Cosa possiamo fare per loro?

“Rispondere alle loro domande, non lasciarli soli nella loro angoscia, usando il linguaggio adatto alla loro età e senza dire troppo. Una mamma mi ha detto: ‘mio figlio ci ha bombardato di domande’. Può essere il segno di un’ansia eccessiva, certo, tuttavia bisogna cercare di contenere l’angoscia cercando di rispondere. Mi viene in mente il film di Benigni La vita è bella: quel padre cerca di fare proprio questo”.

Per molti di loro è il primo impatto con l’idea della guerra, e vedono che c’è un aggressore e una vittima. Questo non apre nuove paure nei confronti dell’umanità?

“Certo. E dobbiamo spiegare che è vero, esistono persone che per il potere o i soldi sono disposti a tutto, ma la cosa importante è che ci siano bambini buoni come te che un giorno, quando sarete grandi, contribuirete a evitare guerre come queste”.

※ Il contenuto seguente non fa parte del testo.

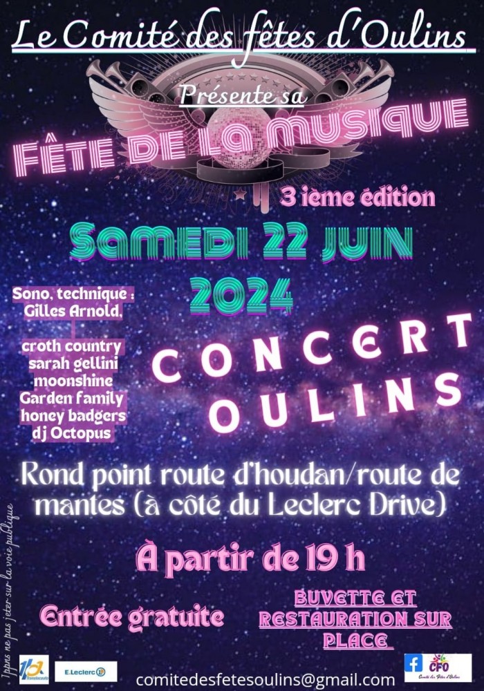 Nous organisons notre 3ème édition de la fête de la musique sur la commune d' Oulins, de nombreux artistes et groupes vont se succéder sur scène plus talentueux les uns que les autres pour nous promettre une très bonne soirée. Nous accueillons cette année les danseurs de country pour une démonstration entre chaque artiste.

Quindi negare o rimuovere non serve. E come possiamo attenuare il loro senso di spavento e di tristezza?

“Accogliendoli e cercando di trasformare quella tristezza in qualcosa di positivo. Quando per esempio dedicano un disegno ai bambini in guerra, o mettono da parte un gioco o un vestitino da inviare in Ucraina, vanno incoraggiati. Assecondare il loro bisogno di fare qualcosa di utile serve ad attenuare il senso di impotenza, che è paralizzante”.

Per Ivana De Bono “nei bambini adottati il clima di incertezza e di ansa può rievocare un vissuto che appartiene al passato. È un nuovo trauma su altri traumi” (Foto Ansa)

Ma non tutti i bambini sono uguali. Che reazioni hanno i ragazzi adottati, in particolare chi viene dalle zone di guerra?

“Le risposte agli eventi traumatici dipendono dall’età, dalla loro storia, dalle situazioni familiari e sociali. Nei bambini adottati, che hanno comunque reazioni fra loro diverse, questo clima di incertezza e ansia può rievocare un vissuto che appartiene al passato. È un nuovo trauma su altri traumi. Può riaffacciarsi quel senso di inadeguatezza che accompagna chi ha subito un abbandono. Anche in questo caso è fondamentale la vicinanza della famiglia adottiva, il cui compito principale è sempre quello di creare un ponte fra il presente e il passato, ripristinare il filo della continuità per curare le fratture”.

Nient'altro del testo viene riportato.